→ Data shown
####

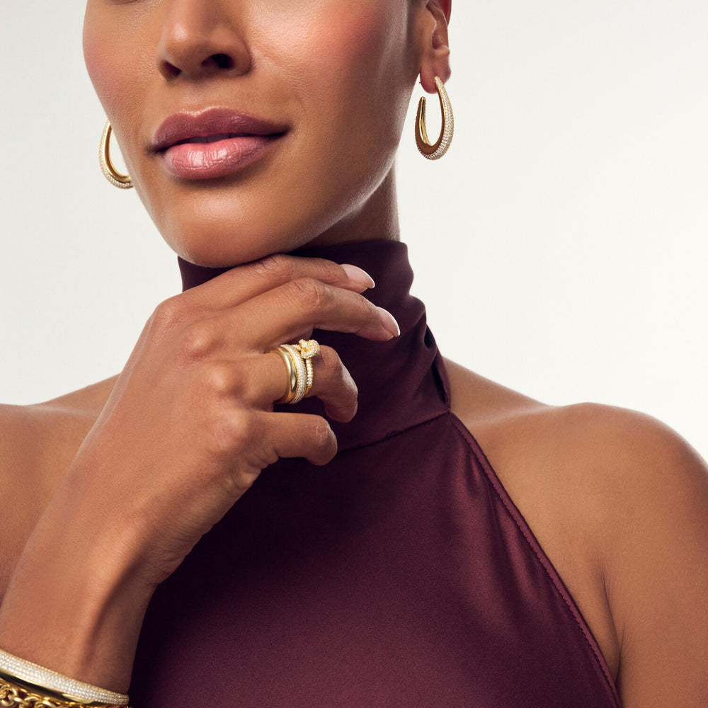 Ring i 18 karat guldpläterat 925 sterlingsilver med polerad yta och handplacerade fasetterad vita zirkoner
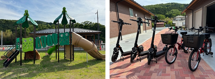 道の駅を起点に小川町の観光を楽しんでいただけるよう、隣接施設では電動の自転車やトゥクトゥク、キックボードのレンタルを実施します。ふわふわドームや複合遊具のある「ふれあい広場」、道の駅と槻川をつなぐ遊歩道も整備され、今後は槻川を活用したバーベキュー場の開設も予定しています。道の駅一帯が、観光・体験・交流を楽しめる“地域回遊拠点”としてさらに進化していきます。
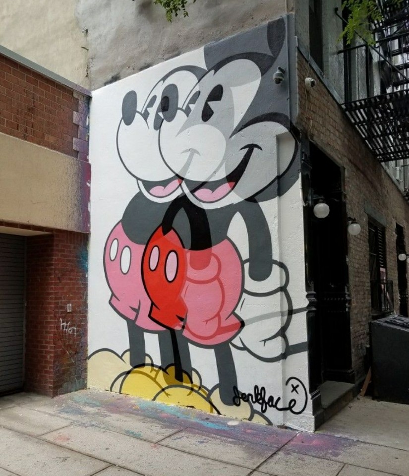 아래는 로어맨허튼에 그린 미키마우스 그래피티인데요, 제가 요즘 관심을 갖고 있는 그래피티 아티스트인 Jerkface입니다. 투명한 레이어를 겹쳐 그린 캐릭터가 트레이드마크이지요.

####

→ Directions
When you reproduce the material, keep every word exact and leave each picture out.

→ Finished task
 Ring i 18 karat guldpläterat 925 sterlingsilver med polerad yta och handplacerade fasetterad vita zirkoner
 道の駅を起点に小川町の観光を楽しんでいただけるよう、隣接施設では電動の自転車やトゥクトゥク、キックボードのレンタルを実施します。ふわふわドームや複合遊具のある「ふれあい広場」、道の駅と槻川をつなぐ遊歩道も整備され、今後は槻川を活用したバーベキュー場の開設も予定しています。道の駅一帯が、観光・体験・交流を楽しめる“地域回遊拠点”としてさらに進化していきます。
 아래는 로어맨허튼에 그린 미키마우스 그래피티인데요, 제가 요즘 관심을 갖고 있는 그래피티 아티스트인 Jerkface입니다. 투명한 레이어를 겹쳐 그린 캐릭터가 트레이드마크이지요.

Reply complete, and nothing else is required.